### [SOURCE MATERIAL]
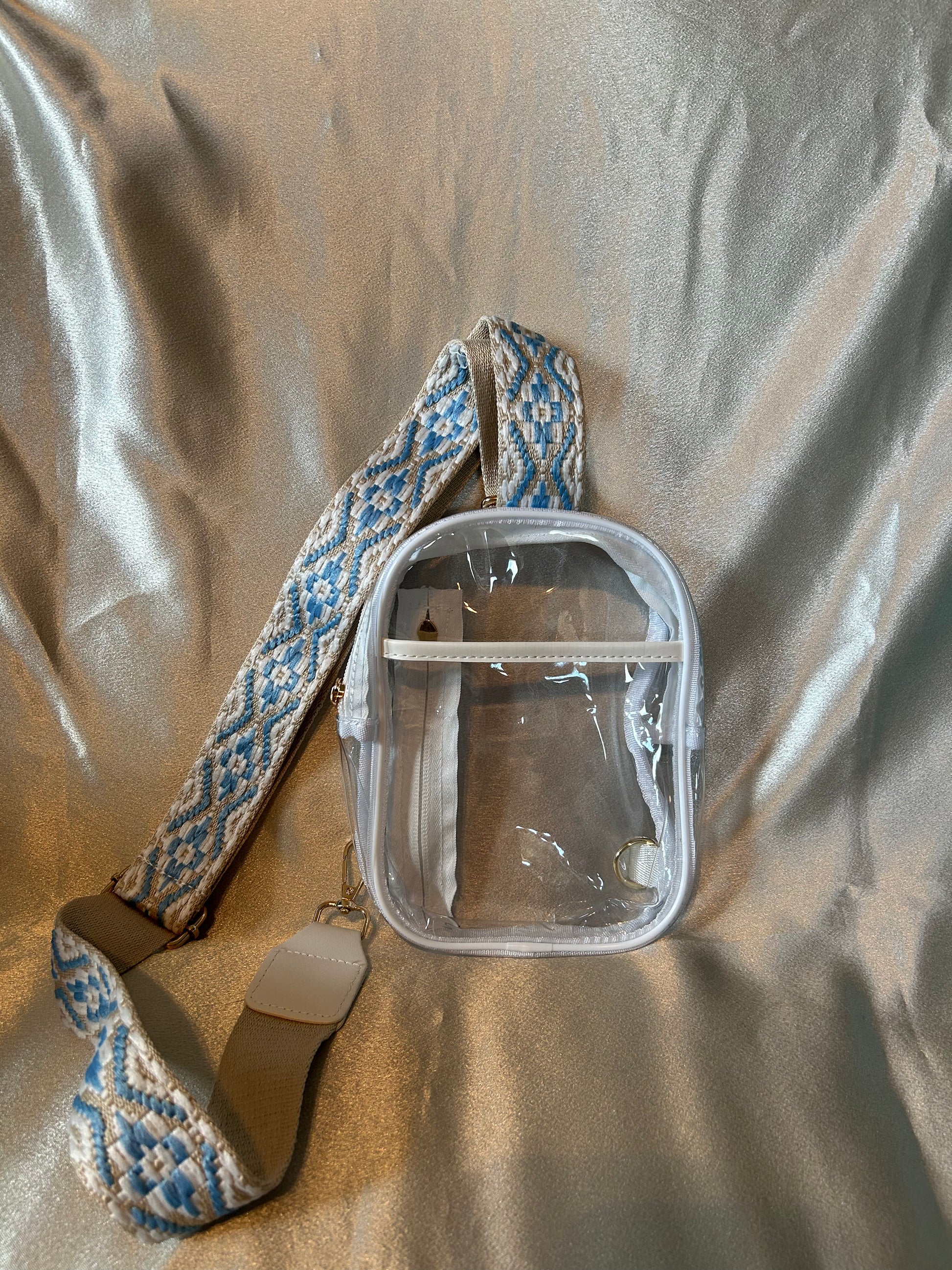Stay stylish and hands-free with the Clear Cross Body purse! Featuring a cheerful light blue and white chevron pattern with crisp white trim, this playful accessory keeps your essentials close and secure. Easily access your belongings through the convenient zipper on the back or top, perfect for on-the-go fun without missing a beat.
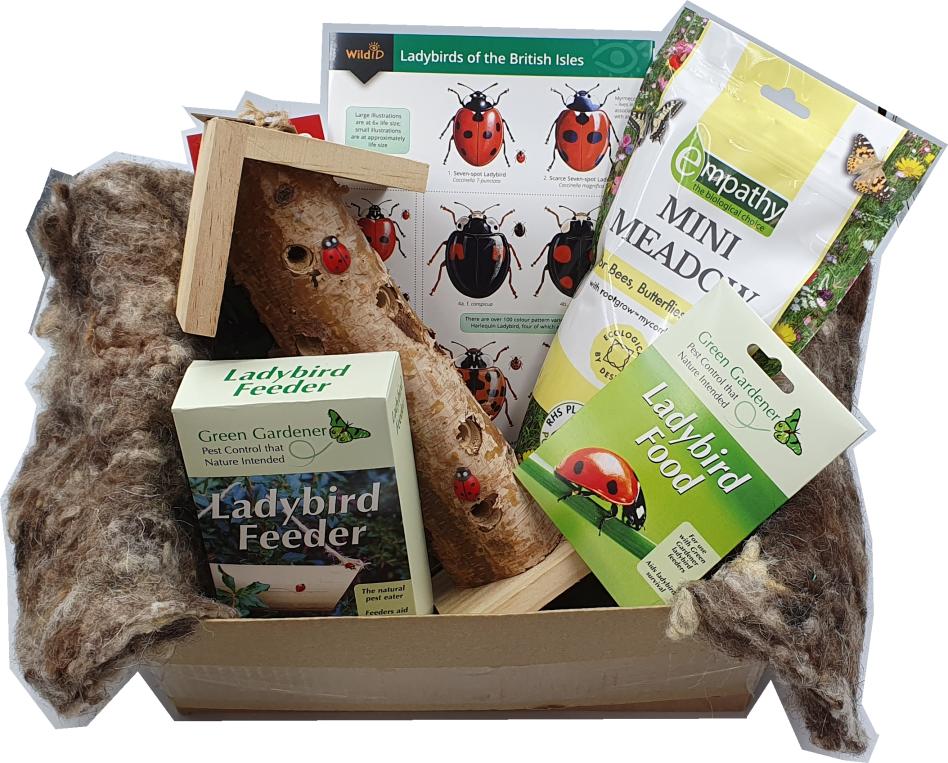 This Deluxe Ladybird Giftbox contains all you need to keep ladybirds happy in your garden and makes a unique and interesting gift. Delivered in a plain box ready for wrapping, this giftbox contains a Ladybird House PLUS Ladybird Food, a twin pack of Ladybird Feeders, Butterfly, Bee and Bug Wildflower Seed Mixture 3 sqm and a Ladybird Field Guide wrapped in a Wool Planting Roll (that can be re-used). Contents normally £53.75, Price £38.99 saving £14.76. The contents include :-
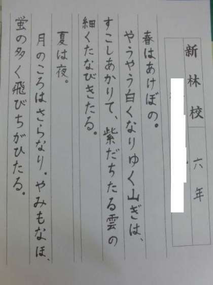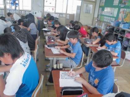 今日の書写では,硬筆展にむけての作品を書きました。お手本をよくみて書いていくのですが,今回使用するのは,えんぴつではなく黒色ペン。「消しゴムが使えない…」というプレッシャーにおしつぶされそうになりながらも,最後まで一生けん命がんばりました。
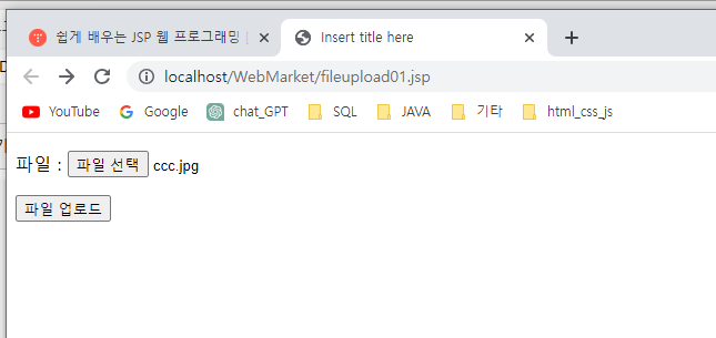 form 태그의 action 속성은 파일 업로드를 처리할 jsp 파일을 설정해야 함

### [WHAT YOU SHOULD DO]
Reproduce the whole listing above word for word, but not its pictures.

### [COMPLETED TASK]
Stay stylish and hands-free with the Clear Cross Body purse! Featuring a cheerful light blue and white chevron pattern with crisp white trim, this playful accessory keeps your essentials close and secure. Easily access your belongings through the convenient zipper on the back or top, perfect for on-the-go fun without missing a beat.
 This Deluxe Ladybird Giftbox contains all you need to keep ladybirds happy in your garden and makes a unique and interesting gift. Delivered in a plain box ready for wrapping, this giftbox contains a Ladybird House PLUS Ladybird Food, a twin pack of Ladybird Feeders, Butterfly, Bee and Bug Wildflower Seed Mixture 3 sqm and a Ladybird Field Guide wrapped in a Wool Planting Roll (that can be re-used). Contents normally £53.75, Price £38.99 saving £14.76. The contents include :-
 今日の書写では,硬筆展にむけての作品を書きました。お手本をよくみて書いていくのですが,今回使用するのは,えんぴつではなく黒色ペン。「消しゴムが使えない…」というプレッシャーにおしつぶされそうになりながらも,最後まで一生けん命がんばりました。
 form 태그의 action 속성은 파일 업로드를 처리할 jsp 파일을 설정해야 함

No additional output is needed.